The high court granted a request filed by abortion rights groups
that puts on hold parts of a federal appeals court decision that had
allowed the law to go into effect.
The brief court order said that requirements that clinics have
certain hospital-like settings for surgeries could not go into
effect pending appeal.
The requirement that was to have gone into effect on Sept. 1 would
require clinics to meet a set of building standards ranging from
widening halls to having facilities for certain surgeries that
abortion rights advocates said were unnecessary, especially when an
abortion is medically induced.
The state argued the requirements in the Texas law would reduce
complications and increase patient care.
The order also said that a provision that requires abortion
practitioners to have admitting privileges at a hospital within 30
miles (48 km) of the clinic could not be enforced for clinics in
McAllen and El Paso, cities near the Mexican border. The provision
will be in force in the rest of the state.

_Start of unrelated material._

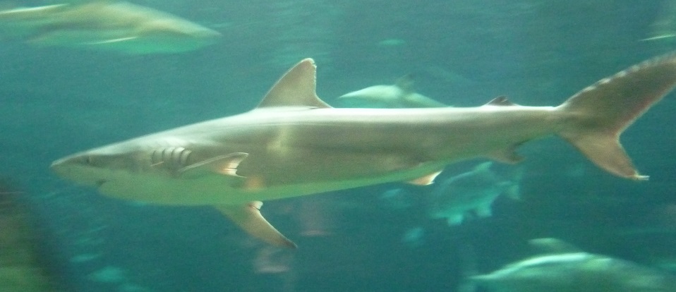 それも一匹や二匹ではありません!! 私が自分なりに確認できただけでも、アカシュモクザメの子供が二尾と、上に画像を載せた種類不明なメジロザメ系の子供たちが二尾。元々ここの大水槽には、これでもかというほどウジャウジャと多種多様に鮫がいるので、もしかしたら見落としがあって、他にももっと新顔の鮫がいたかもしれませんが、体調不良のため途中で電池切れ状態になってコタツに座り込んでいた私目線では、これが精いっぱいでした m(_ _)m

U.S. District Judge Lee Yeakel in August struck down the requirement
for these two cities, saying women in those areas would have to
travel as much as 500 miles (805 km) to go to an abortion clinic.
Abortion rights groups have said the regulations are unnecessary and
served as an attempt to shut clinics.
Three conservatives on the nine-justice high court, Antonin Scalia,
Clarence Thomas and Samuel Alito, said they would have allowed the
law to go into effect in full.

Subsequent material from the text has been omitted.